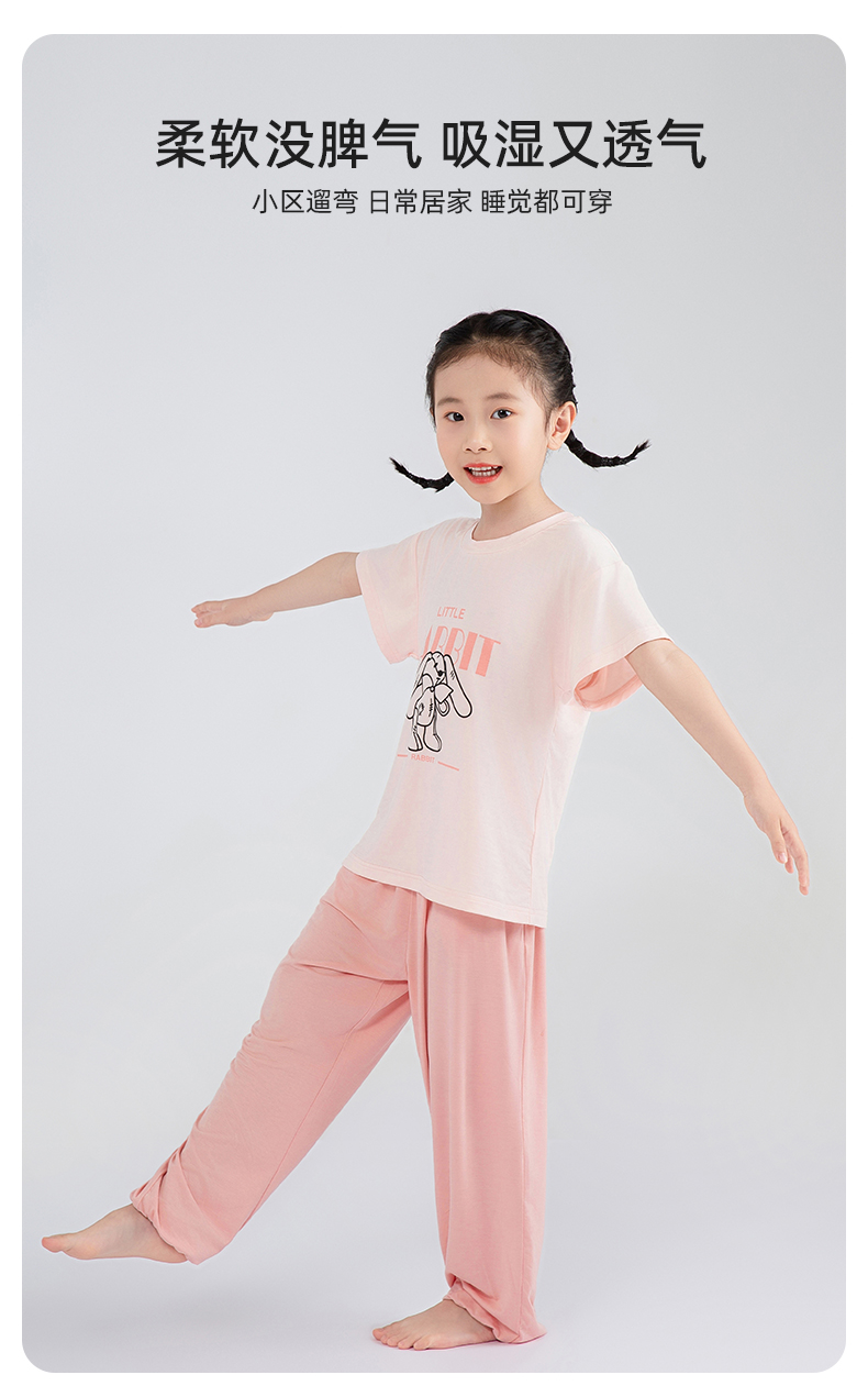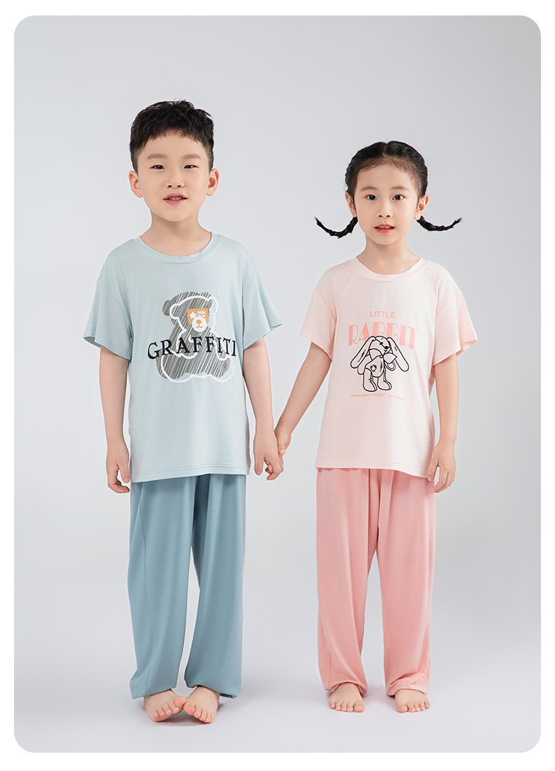 【商场同款】熳洁儿 儿童家居服人棉短袖长裤套装男女童可爱印花夏季新款24203605/24203602
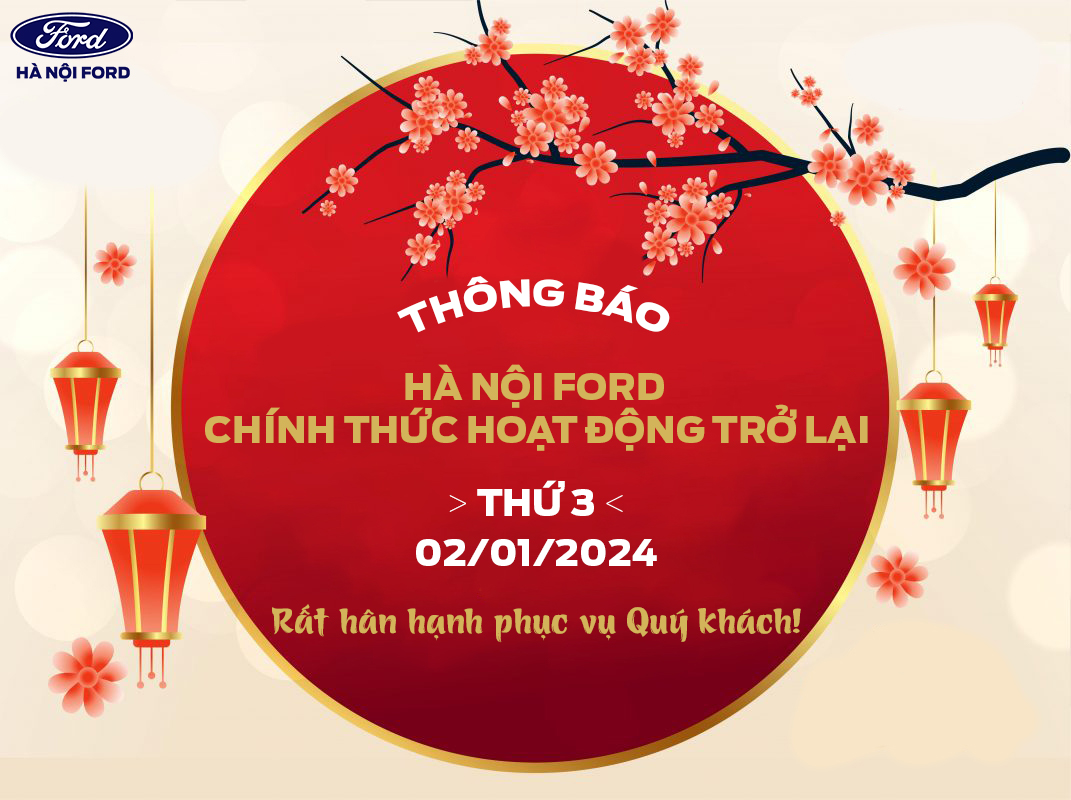 Chào mừng bạn đến với Hà Nội Ford trong năm mới 2024! Sau kỳ nghỉ Tết Dương lịch đầy hứng khởi, chúng tôi rất vui mừng thông báo rằng từ ngày 02/01/2024, Hà Nội Ford đã sẵn sàng trở lại và đồng hành cùng bạn trên mọi hành trình mới.
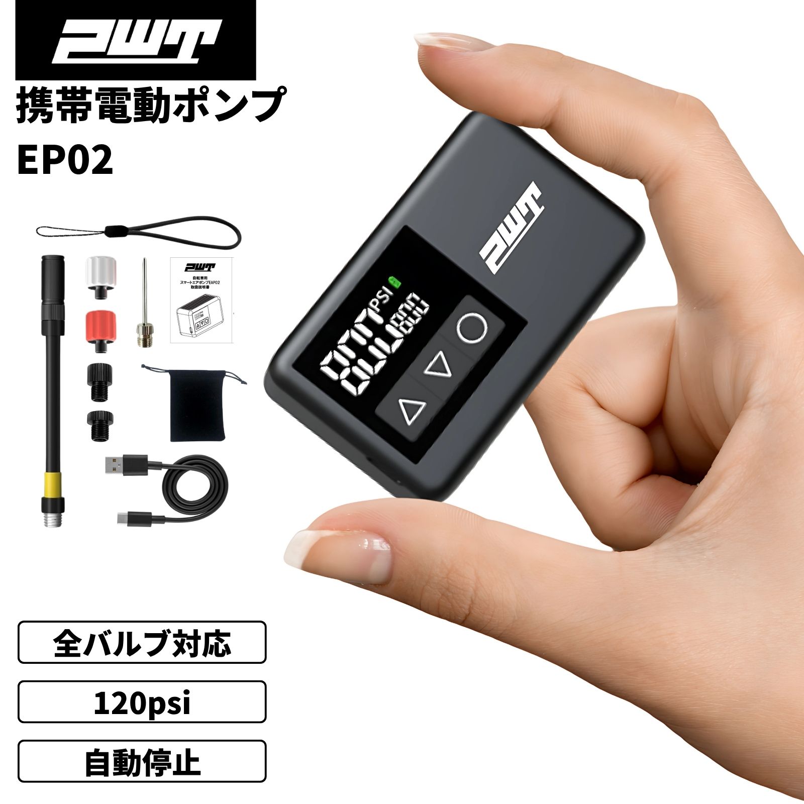 PWT 電動空気入れ 電動エアポンプ 自転車 携帯ポンプ 超小型・軽量 全バルブ対応 仏式/米式/英式 USB充電 自動停止 120psi 827kpa EAP02
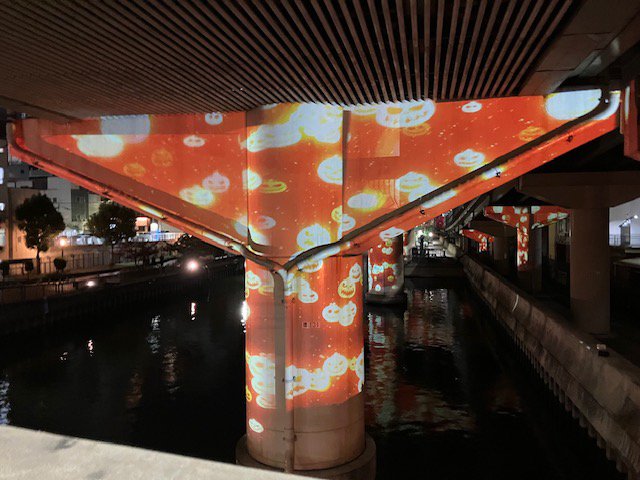 | 他では決して体験できない東横堀川の新たな一面に、プロジェクションマッピングが展開されます。
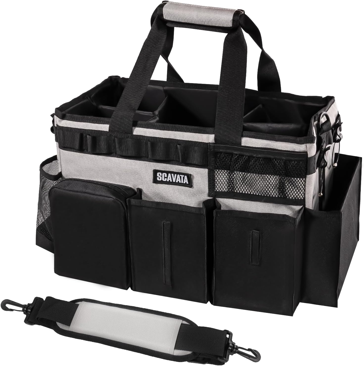 - High Quality Material: The portable cleaning organizer made of premium water-resistant 900D fabric material and reinforced PP boards which is durable and lightweight. The adjustable shoulder strap and waist strap are comfortable enough for carrying. Professional cleaning caddy organizer for cleaners & housekeepers
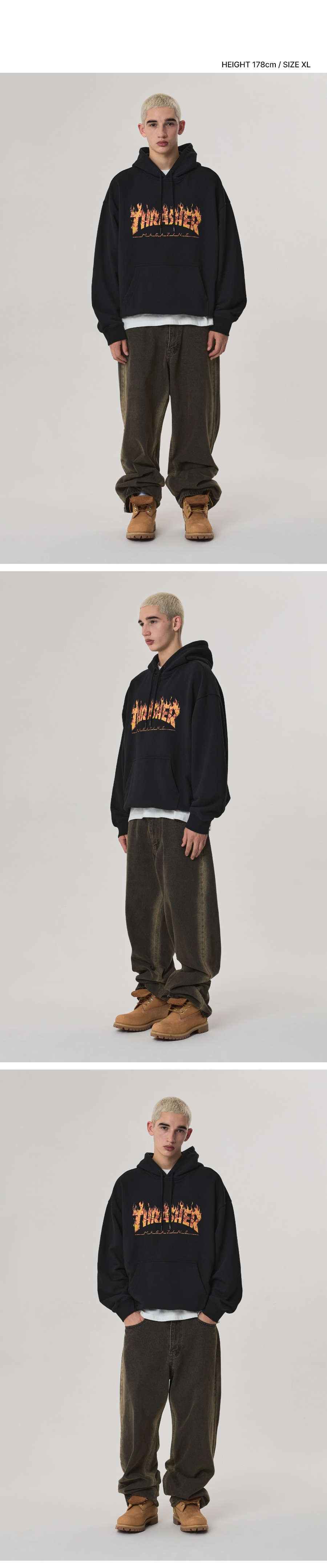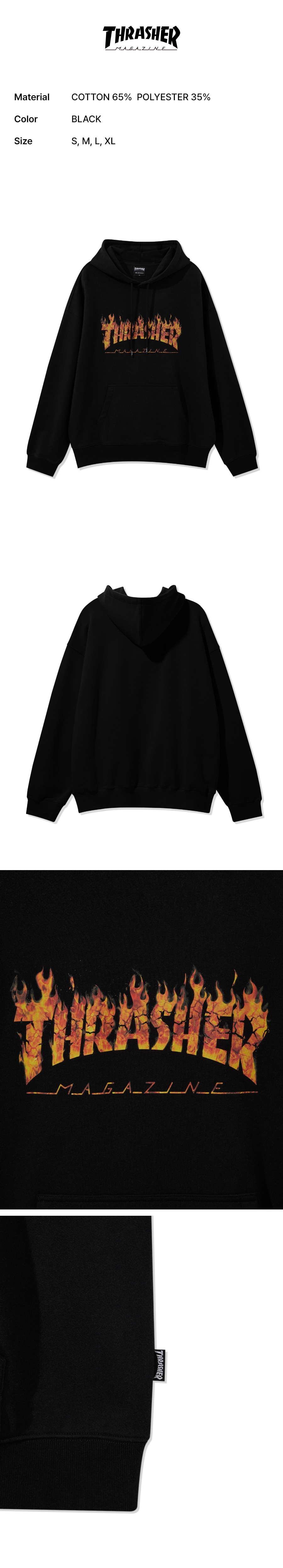 트레셔 리얼 플레임 로고 후디 블랙
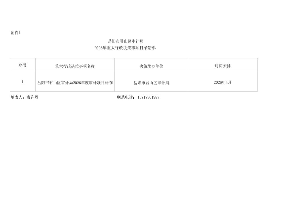 岳阳市君山区审计局2026年重大行政决策事项目录清单
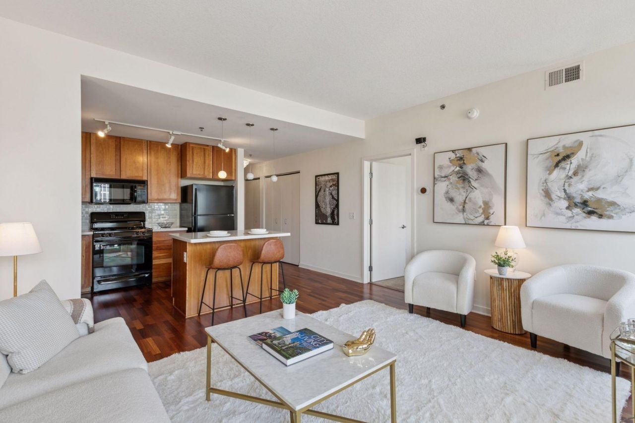 Seventh-floor sophistication meets city living in this two-bedroom, two-bathroom condo with sweeping skyline views. Hardwood floors flow throughout an open layout with floor-to-ceiling windows and a private balcony, perfect for morning coffee or evening cocktails. The updated kitchen impresses with white quartz countertops, gas cooktop, and stainless appliances. The primary suite features a walk-in closet and modern en-suite bath, while the second bedroom offers flexibility for guests or a home office. In-unit laundry adds convenience. Building amenities elevate daily life: fitness center, hot tub, party room, and a rare sixth-floor rooftop park with grass, trees, fireplaces, grills, and captivating views. Pet-friendly with two walk areas, this residence blends modern comfort with urban lifestyle. Ideally located near dining, shopping, culture, and transit, it's move-in ready and perfectly tailored for those seeking elegance, convenience, and the vibrancy of city living. Underground heated parking included as well as 24 hr lobby desk coverage.

★ ★ ★ ★

* **Work item**:
Each record above goes into the copy word for word; the pictures do not.

* **Result of the exercise**:
 【商场同款】熳洁儿 儿童家居服人棉短袖长裤套装男女童可爱印花夏季新款24203605/24203602
 Chào mừng bạn đến với Hà Nội Ford trong năm mới 2024! Sau kỳ nghỉ Tết Dương lịch đầy hứng khởi, chúng tôi rất vui mừng thông báo rằng từ ngày 02/01/2024, Hà Nội Ford đã sẵn sàng trở lại và đồng hành cùng bạn trên mọi hành trình mới.
 PWT 電動空気入れ 電動エアポンプ 自転車 携帯ポンプ 超小型・軽量 全バルブ対応 仏式/米式/英式 USB充電 自動停止 120psi 827kpa EAP02
 | 他では決して体験できない東横堀川の新たな一面に、プロジェクションマッピングが展開されます。
 - High Quality Material: The portable cleaning organizer made of premium water-resistant 900D fabric material and reinforced PP boards which is durable and lightweight. The adjustable shoulder strap and waist strap are comfortable enough for carrying. Professional cleaning caddy organizer for cleaners & housekeepers
 트레셔 리얼 플레임 로고 후디 블랙
 岳阳市君山区审计局2026年重大行政决策事项目录清单
 Seventh-floor sophistication meets city living in this two-bedroom, two-bathroom condo with sweeping skyline views. Hardwood floors flow throughout an open layout with floor-to-ceiling windows and a private balcony, perfect for morning coffee or evening cocktails. The updated kitchen impresses with white quartz countertops, gas cooktop, and stainless appliances. The primary suite features a walk-in closet and modern en-suite bath, while the second bedroom offers flexibility for guests or a home office. In-unit laundry adds convenience. Building amenities elevate daily life: fitness center, hot tub, party room, and a rare sixth-floor rooftop park with grass, trees, fireplaces, grills, and captivating views. Pet-friendly with two walk areas, this residence blends modern comfort with urban lifestyle. Ideally located near dining, shopping, culture, and transit, it's move-in ready and perfectly tailored for those seeking elegance, convenience, and the vibrancy of city living. Underground heated parking included as well as 24 hr lobby desk coverage.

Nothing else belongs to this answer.